失業率の実態は6%を超えていると言われている。
大多数の中小企業は人員削減をこれ以上させず、「雇用調整助成金」(およそ給与の60%)を受けることによってジッと耐えている。このままでは、内需が拡大しない限り、雇用は海外に移り、一層の解雇を進めざるを得ない状況にきている。
「崖っ縁の百貨店業界でついに始まった大リストラ」(「ダイヤモンド・オンライン」10月26日『週刊ダイヤモンド』編集部 須賀彩子)は、かなり苦しい台所事情を語っている。
「昨秋のリーマンショック以降、百貨店はかつて経験したことのない売上高急減に苦しんでいる。この10月でちょうど1年たつことから、関係者はマイナス幅の縮小に淡い期待を寄せていたが、売り上げ減少には歯止めがかからない。もはや通常の経費削減策では追いつかず、ついに大リストラが始まった。・・
『社内はそわそわしています。結構、真剣に考えている人もいますよ』(三越社員)。同社が10月から早期退職制度を拡大して、募集を始めたためだ。・・
同様の動きは、百貨店業界全体に広がっている。・・『今の消費不況を抜けた後、消費構造は大きく変わる。これまでの百貨店のように高額帯ばかりの品揃えでは消費者から支持されなくなる』(奥田務・Jフロント社長)と危機感は強く、早々にビジネスモデルの転換を図っている。・・
ある百貨店幹部が漏らすように、もはや「中長期的戦略を描くというレベルではなく、目先をどうするかということで手一杯」と手詰まり状態になりつつある。大手でも百貨店の売上高は損益分岐点スレスレまで下がっており、従来の経費削減策では、利益を捻出するのに限界にきている。

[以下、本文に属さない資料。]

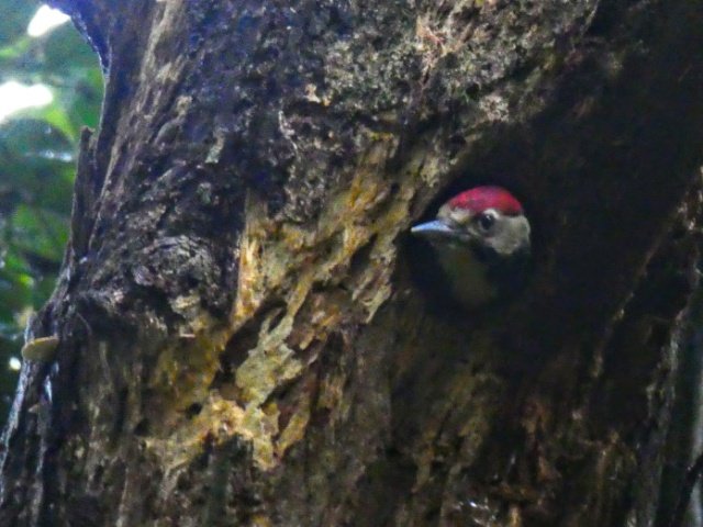 途中、三脚を構えたカメラマンたちが集まるポイントがあります。何を撮っているのか聞いてみると、オーストンオオアカゲラの巣があるそう!
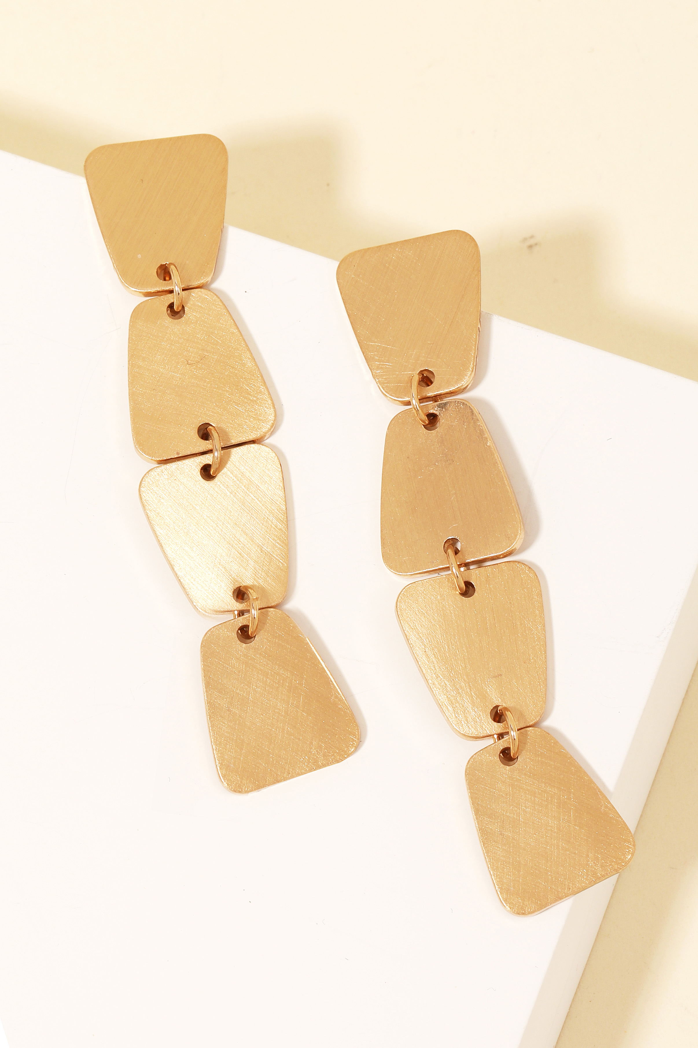 - Perfect for any fashion-forward individual, this pair of dangle earrings radiates a sleek brushed metallic shapes dangle earrings design. This accessory is an effortless way to add some personality to your outfit. Available in MG. This item is sold in packs of 1.

体力消耗戦に突入している百貨店業界で、このまま市場縮小が続けば、その先にあるのは、さらなる再編・淘汰の大波だろう」と。
以上見てきたように、百貨店の売上減は衣料品や食料品の低価格化と結びつき、百貨店に出かける意味を失い始めている。07年で6人に1人が「貧困」と厚生労働省が発表した。今はもっと悪化していると予測できる。そして、この9月末の高卒就職内定率は13ポイント低下し37%と過去最悪の下落幅であった。貧困化が進み、将来不安も含めて割高感が漂う百貨店には出かけない・出かけられない層が増えていると言える。
百貨店の売上動向から、国内の消費動向や貧富の格差を掴むことができる。
外需頼みの産業構造から脱却し、食料自給率を上げて、その生産と消費の関係を作り出す方法を模索する必要がある。そこを基盤とする産業構造になると、自ずと内需重視へと結びつくと私は思う。
周りで、休日農業に勤しむ若い人たちが増え、その人たちは百貨店に興味が沸かないようである。むしろ安くて安全でおいしいものを求めている。決して生産者の域にまでは至らないが、素材を見る目は育っているだろう。
そんな人たちが安心して生活できる
関係性を拡げたいものだ。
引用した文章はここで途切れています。